Task item: Up to and including the line with "Есть смотровая яма, полки, погреб.", write out the listing from its first line, minus the pictures.

● ● ● ● ●

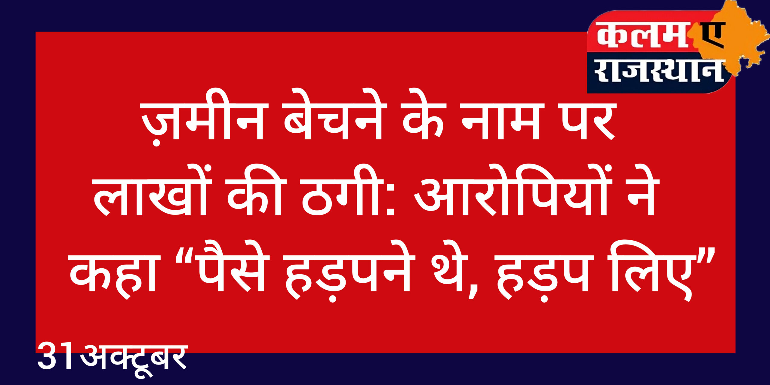 श्रीडूंगरगढ़ : श्रीडूंगरगढ़ क्षेत्र में एक व्यक्ति से ज़मीन बेचने के नाम पर लाखों रुपये की ठगी का मामला सामने आया है। पुलिस ने पीड़ित की रिपोर्ट पर दो आरोपियों के खिलाफ मुकदमा दर्ज किया है।
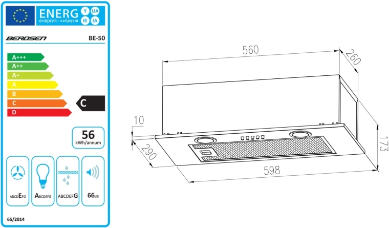Cleaner air and less grease on cabinets are ensured by the reinforced 5-layer aluminum filter. The hood can be used in ducted mode or for recirculation with an optional carbon filter BE-B (not included). Simple push-button controls let you choose from three power levels as needed.
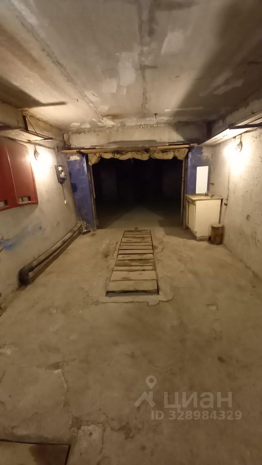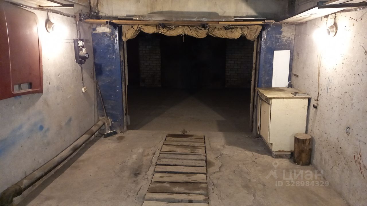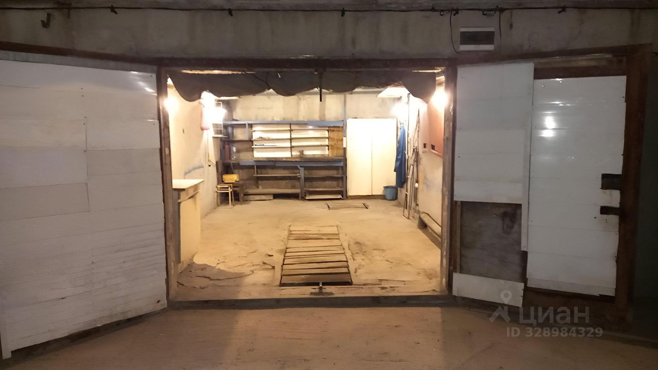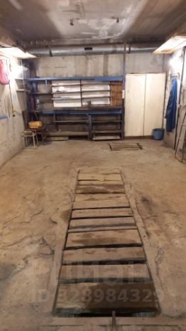 Есть смотровая яма, полки, погреб.
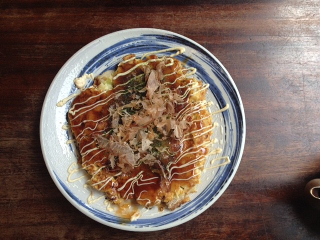 Okonomiyaki (try saying it when you’re drunk. Or indeed, when you’re sober) is a Japanese savourt pancake using egg as its base. Fillings can include meat, fish and noodles to really pad it out, topped with their version of brown sauce and mayonnaise, and sprinkled with bonito fish flakes.
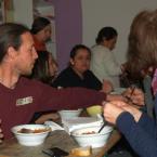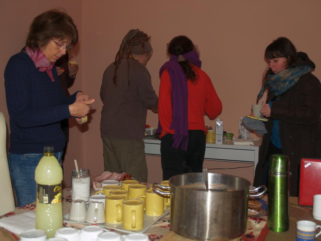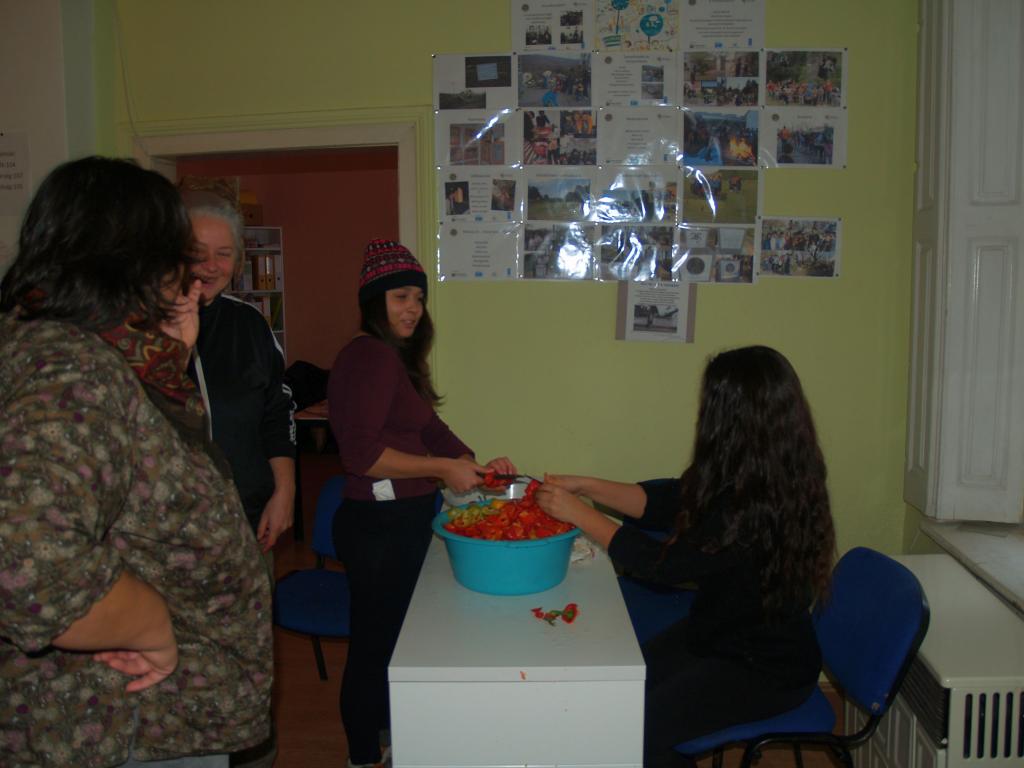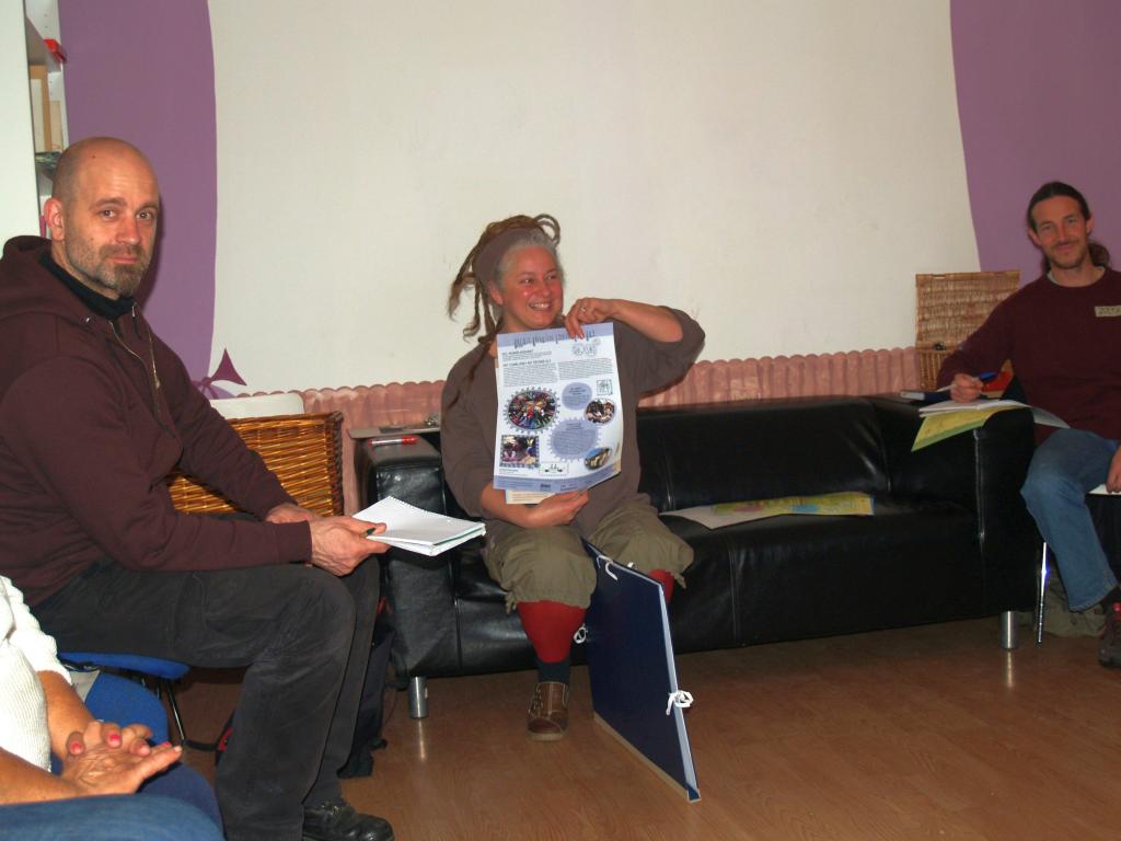 Képzéseink során fontos szempont, hogy mindig más közösséghez menjünk: így ők biztosítják a helyszínt, gondoskodnak az étkezésről és emellett megmutatják: milyen környezetben, milyen témák mentén ügyködnek. Ezek az alkalmak kiválóak arra, hogy mélyebben megismerjük a milliőt, amelyben munkálkodnak és a közösségek azon tagjait is, akik nem járnak a közös összejövetelekre. Most Pécs volt a helyszín és a Hősök tere munkacsoport a vendéglátóink. Izgultak nagyon, hogy szép legyen a ház (sokat készültek, még villanyt is szereltek), aztán hogy az étel is mindenki ínyére való legyen. Mivel hiszünk abban, hogy az asztalra kerülő étel komoly tényező, ezért a húsmentes menü a kívánatos, illetve mindig értékeljük, ha helyi termelőktől származó alapanyagból főznek. A pécsiek felelőse – a tőle megszokható igyekezettel – fedezte fel a termelői holmikat és a szombat esti beszélgetésben jót derültünk azon, ahogy előadta a kálváriáját.
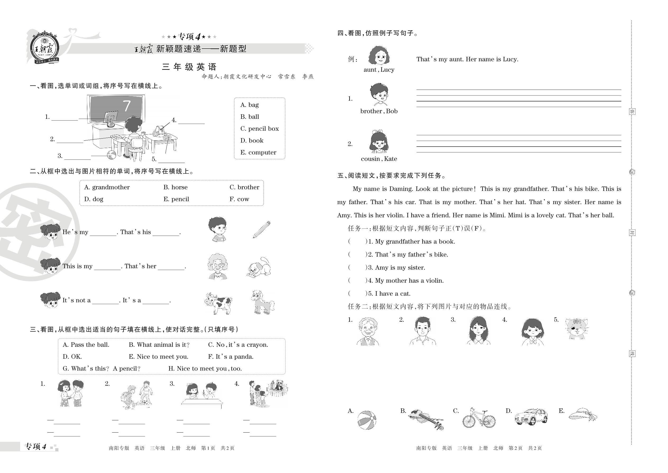 王朝霞期末专项卷——新颖题速递:新题型三年级上册英语(北师版)【4】

● ● ● ● ●

Final answer:
 श्रीडूंगरगढ़ : श्रीडूंगरगढ़ क्षेत्र में एक व्यक्ति से ज़मीन बेचने के नाम पर लाखों रुपये की ठगी का मामला सामने आया है। पुलिस ने पीड़ित की रिपोर्ट पर दो आरोपियों के खिलाफ मुकदमा दर्ज किया है।
Cleaner air and less grease on cabinets are ensured by the reinforced 5-layer aluminum filter. The hood can be used in ducted mode or for recirculation with an optional carbon filter BE-B (not included). Simple push-button controls let you choose from three power levels as needed.
 Есть смотровая яма, полки, погреб.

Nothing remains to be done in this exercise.